Therefore, if a loop must optionally execute zero times, it must be
preceded with an explicit conditional branch. For example:

loop0(start,R1)
       P0 = cmp.eq(R1,#0)
       if (P0) jump skip
    start:
       { R0 = mpyi(R0,R0) } :endloop0
    skip:
    Copy to clipboard

In this example, a hardware loop is set up with the loop count in R1,
but if the value in R1 is zero a software branch skips over the loop
body.

After the loop end instruction of a hardware loop executes, the
Hexagon processor examines the value in the corresponding loop count
register:

- If the value is greater than 1, the processor decrements the loop
count register and performs a zero-cycle branch to the loop start
address.
- If the value is less than or equal to 1, the processor resumes
program execution at the instruction immediately following the loop
end instruction.

Note

Because nested hardware loops can share loop end
instruction, the processor can examine both loop count registers in a
single operation.

### Pipelined hardware loops

Software pipelined loops are common for VLIW architectures such as
the Hexagon processor. They offer increased code performance in loops
by overlapping multiple loop iterations.

A software pipeline has three sections:

- A prologue in which the loop is primed
- A kernel (or steady-state) portion
- An epilogue that drains the pipeline

[Software pipelined loop](https://docs.qualcomm.com/doc/80-N2040-60/topic/program-flow.html#v79-prm-software-pipelined-loop) shows an example where the kernel
section of the pipelined loop performs three iterations of the loop
in parallel:

- The load for iteration N+2
- The multiply for iteration N+1
- The store for iteration N

**Software pipelined loop**

int foo(int *A, int *result)
    {
       int i;
       for (i=0;i<100;i++) {
          result[i]= A[i]*A[i];
       }
    }
    Copy to clipboard

foo:
    {
       R3 = R1
       loop0(.kernel,#98)    // Decrease loop count by 2
    }
    R1 = memw(R0++#4)        // First prologue stage
    {
        R1 = memw(R0++#4)    // Second prologue stage
        R2 = mpyi(R1,R1)
    }
        .falign
    .kernel:
    {
        R1 = memw(R0++#4)    // Kernel
        R2 = mpyi(R1,R1)
        memw(R3++#4) = R2
    }:endloop0
    {
       R2 = mpyi(R1,R1)      // First epilogue stage
       memw(R3++#4) = R2
    }
       memw(R3++#4) = R2     // Second epilogue stage
       jumpr lr
    Copy to clipboard

A drawback to software pipelining is the extra code necessary for the
prologue and epilogue sections of a pipelined loop.
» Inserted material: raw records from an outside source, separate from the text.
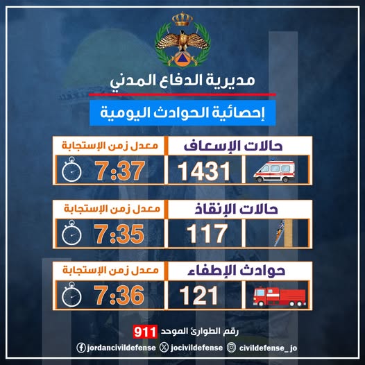 الوقائع الإخبارية: تعاملت كوادر مديرية الدفاع المدني خلال الـ 24 ساعة الماضية مع 1431 حالة إسعافية مختلفة، حيث بلغ معدل زمن الاستجابة لتلك الحالات نحو 7 دقائق و37 ثانية.
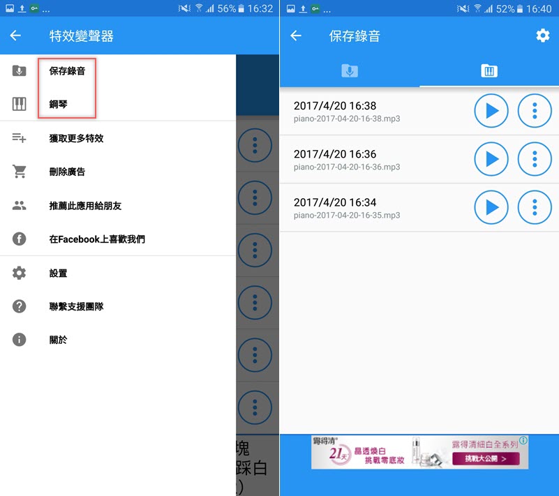 左方設定列拉出來還有其他選項,來看一下保存錄音和鋼琴,保存錄音當然就是有儲存到的音效,通通會在這區。
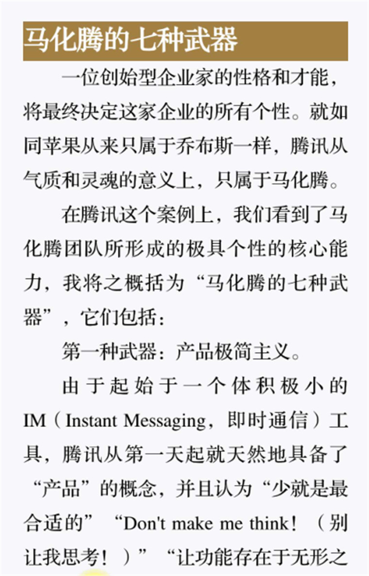 深读之后发明,其实全书真正的焦点在于透过腾讯可以视察到的中国企业逻辑,其中许多基于国情而降生的特殊能力,已往或受诟病或被追捧,而本书作者可以以越发客观的姿态对其进行剖析,这无疑是一种今世创颐魅者和企业家应当学习的姿态和能力。
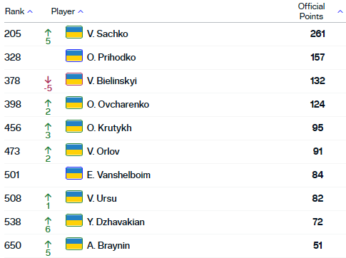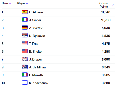 У першій десятці ніяких змін не відбулося. Першим йде Карлос Алькарас, слідом за ним розташований Яннік Сіннер – розрив становить 760 очок. У топ-5 також знаходяться Олександр Звєрєв, Новак Джокович і Тейлор Фріц.
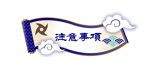 - ゲーム参加中に万が一、事件、事故、盗難などが起こっても主催者は一切責任を負いかねます。十分にお気をつけてご参加ください。
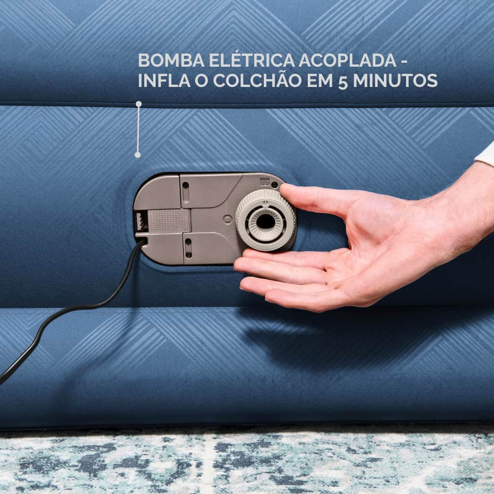 Colchão Inflável Casal Queen Bomba Embutida 220V Fortech Elétrico Alto 46cm X 203cm X 152cm Bestway
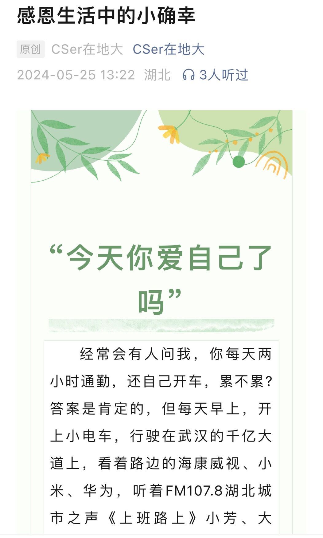 5·25全国大学生心理健康日当天,学院官方公众号“CSer在地大”发布了《感恩生活中的小确幸》,学工组全体老师为同学们送上祝福与期许,鼓励大家在生活中发现爱、感受爱、传递爱,学会享受生活中的小确幸,也祝愿CSer能在万象城awcsport官网感受到更多细碎而确切的幸福。

To address this issue, the Hexagon processor provides the spNloop0
instruction, where the “N” in the instruction name indicates a digit
in the range 1 to 3. For example:

P3 = sp2loop0(start,#10)   // Set up pipelined loop
    Copy to clipboard

The spNloop0 instruction is a variant of the loop0 instruction: it
sets up a normal hardware loop using SA0 and LC0, but also performs
the following additional operations:

- When the spNloop0 instruction executes, it assigns the truth value
false to the predicate register P3.
- After the associated loop executes N times, P3 is automatically set
to true.

This feature (known as automatic predicate control) enables the store
instructions in the kernel section of a pipelined loop to
conditionally execute by P3 and thus - because of the way spNloop0
controls P3 - not execute during the pipeline warm-up. This can
reduce the code size of software pipelined loops by eliminating the
need for prologue code.

The spNloop0 instruction cannot be used to eliminate the epilogue
code from a pipelined loop; however, in some cases it is possible to
do this through the use of programming techniques.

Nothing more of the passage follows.